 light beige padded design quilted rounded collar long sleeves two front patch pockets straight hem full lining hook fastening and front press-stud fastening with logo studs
-------
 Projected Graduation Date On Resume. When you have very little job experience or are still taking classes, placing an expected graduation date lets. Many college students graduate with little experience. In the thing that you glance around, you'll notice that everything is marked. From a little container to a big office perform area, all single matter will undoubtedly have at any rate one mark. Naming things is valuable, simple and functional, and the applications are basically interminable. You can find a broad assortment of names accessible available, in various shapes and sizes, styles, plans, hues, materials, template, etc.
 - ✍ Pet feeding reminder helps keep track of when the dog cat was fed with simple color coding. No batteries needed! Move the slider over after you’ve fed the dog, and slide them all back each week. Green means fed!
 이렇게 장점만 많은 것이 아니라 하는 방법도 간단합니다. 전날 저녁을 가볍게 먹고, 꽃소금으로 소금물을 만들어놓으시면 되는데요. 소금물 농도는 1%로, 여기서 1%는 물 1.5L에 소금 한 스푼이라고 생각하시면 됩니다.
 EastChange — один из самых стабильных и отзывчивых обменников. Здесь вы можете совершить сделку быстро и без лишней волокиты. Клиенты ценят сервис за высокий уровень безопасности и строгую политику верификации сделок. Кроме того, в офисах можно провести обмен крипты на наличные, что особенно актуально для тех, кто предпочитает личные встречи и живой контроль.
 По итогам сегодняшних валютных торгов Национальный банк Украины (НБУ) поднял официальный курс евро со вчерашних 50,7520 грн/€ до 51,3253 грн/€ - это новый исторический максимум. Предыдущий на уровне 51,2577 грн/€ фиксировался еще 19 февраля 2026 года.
-------
» Brief:
Would you please repeat exactly the lines above, starting at the line with "- ✍ Pet feeding" and stopping at the line with "По итогам сегодняшних", both included?

» Your response:
 - ✍ Pet feeding reminder helps keep track of when the dog cat was fed with simple color coding. No batteries needed! Move the slider over after you’ve fed the dog, and slide them all back each week. Green means fed!
 이렇게 장점만 많은 것이 아니라 하는 방법도 간단합니다. 전날 저녁을 가볍게 먹고, 꽃소금으로 소금물을 만들어놓으시면 되는데요. 소금물 농도는 1%로, 여기서 1%는 물 1.5L에 소금 한 스푼이라고 생각하시면 됩니다.
 EastChange — один из самых стабильных и отзывчивых обменников. Здесь вы можете совершить сделку быстро и без лишней волокиты. Клиенты ценят сервис за высокий уровень безопасности и строгую политику верификации сделок. Кроме того, в офисах можно провести обмен крипты на наличные, что особенно актуально для тех, кто предпочитает личные встречи и живой контроль.
 По итогам сегодняшних валютных торгов Национальный банк Украины (НБУ) поднял официальный курс евро со вчерашних 50,7520 грн/€ до 51,3253 грн/€ - это новый исторический максимум. Предыдущий на уровне 51,2577 грн/€ фиксировался еще 19 февраля 2026 года.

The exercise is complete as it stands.